9/17/2009
Hurricane Floyd brought epic flooding to North Carolina
Ten years ago, Hurricane Floyd came ashore at Cape Fear, North Carolina, bringing flooding of epic proportions. Before the waters receded, the little town of Princeville and parts of several other towns would be underwater, and rescuers in boats and helicopters would pluck 1,500 people from roofs across eastern North Carolina.
Hurricane Floyd became one of the most expensive disasters in the state’s history. But the stage was set for Floyd’s devastation by a nearly forgotten storm that lingered over the state a couple of weeks earlier. Hurricane Dennis soaked the Outer Banks and eastern North Carolina, moved offshore, then looped around and gave the same area a second dousing. The ground was saturated with at least 10 inches of rain from Dennis when Floyd came ashore.
Hurricane Floyd formed from a tropical wave that moved off the west coast of Africa on September 2, 1999. Floyd got its start in the infamous spawning grounds of monster hurricanes near the Cape Verde Islands. “Floyd was a classic Cape Verde storm, very large, one of the largest I can remember,” recalled Rusty Pfost, meteorologist in charge of the National Weather Service office in Miami.
By September 12, Floyd had developed into a major hurricane. I was in the Florida Keys working on research with historian Jerry Wilkinson. Around 6 a.m. on the morning of Monday, September 13, 1999, Jerry and I checked The Weather Channel. Floyd’s peak winds were approaching 150 mph, and it had turned toward the Bahamas and the Keys.

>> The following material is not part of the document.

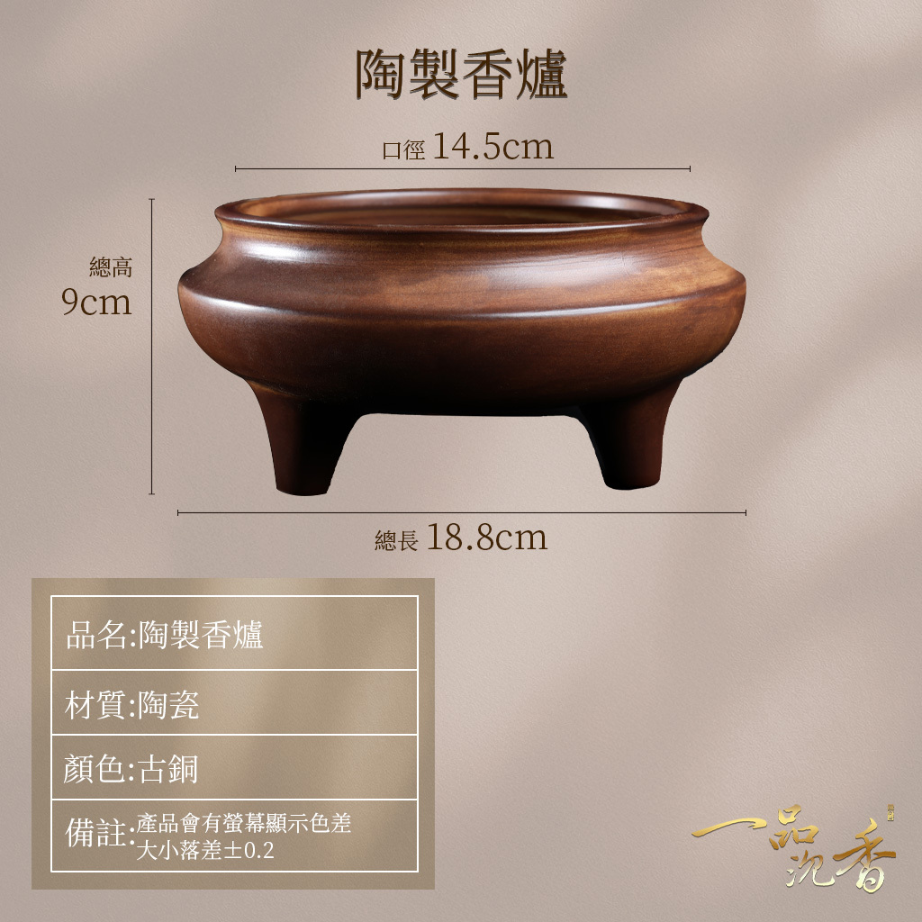 陶製大香爐採用優質陶土精製,造型大氣典雅,容量充足,可穩固承放大香燃燒,導熱均勻,香氣悠然散發,兼具實用性與裝飾性,為品香空間增添沉穩高雅的氛圍。

Jerry and I stared at each other for a moment. “I’ve got to get the hell out of here,” I said.
I helped Jerry and Mary board up their house on Key Largo. Around 9:30 a.m. I started one of the eeriest journeys of my life.
As I drove northward from the Keys up the Florida peninsula, Floyd was ripping into the Bahamas with winds of around 155 mph. It seemed that I was just ahead of a rippling wave of fear. When I stopped for gas, lines were starting to form at the pumps. Interstate 95 was gradually getting more crowded. I got the feeling that if I stopped for even a few minutes, I’d be engulfed by traffic. So I kept moving.
I stopped for the night in Darien, Georgia, about 60 miles south of Savannah. I was back on the road early the next morning. Behind me, Floyd had turned and was menacing the southeast coast from Jacksonville north. What would become the largest peacetime evacuation in U.S. history was starting. During the next two days, more than 2.3 million people from Florida to Maryland would move inland. In South Carolina, Interstate 26 from Charleston to Columbia was gridlocked.
Rain was falling steadily when I reached eastern North Carolina, and in some places secondary roads were already underwater because the ground couldn’t absorb any more water. That seemed ominous.
The hurricane’s eye passed over Plymouth around 8:30 a.m. on Thursday, September 16. By that time, the storm’s winds had diminished dramatically. Around 9:30 a.m. we lost power, but it was back on by 3 p.m. Other than the brief power outage and a few tree limbs down, we saw little effects from Hurricane Floyd in Plymouth.
Still, the storm dumped around 20 inches of rain on ground still saturated from Dennis. The results were devastating. Everything around us seemed to be underwater. But we were high and dry in Plymouth.
I heard later that we’d stayed above water here because the Roanoke River’s floodplain has not been altered by development. When Floyd’s floodwaters came downstream, the water spread out into the Roanoke’s natural wetlands. So we were untouched in Plymouth. But if we’d wanted to go to Raleigh, about 120 miles west on U.S. 64, we’d have had to drive north into Virginia and then turn back into North Carolina to get around the swollen rivers and flooded roads.
It was weeks before the waters receded and the cleanup could begin.
The Wilmington (N.C) Star-News reported Hurricane Floyd’s grim stats:
· 35 people killed in North Carolina, most of them drowning in freshwater. A total of 57 people died during Hurricane Floyd in the U.S. and Bahamas.
· Spectacular livestock losses in North Carolina, including 2.1 million chickens, 753,000 turkeys, and 21,500 hogs.
· $6 billion in damages in North Carolina.
· 7,000 North Carolina homes destroyed, 17,000 homes uninhabitable, and 56,000 homes damaged.
Photo: NOAA satellite photo shows Hurricane Floyd approaching U.S.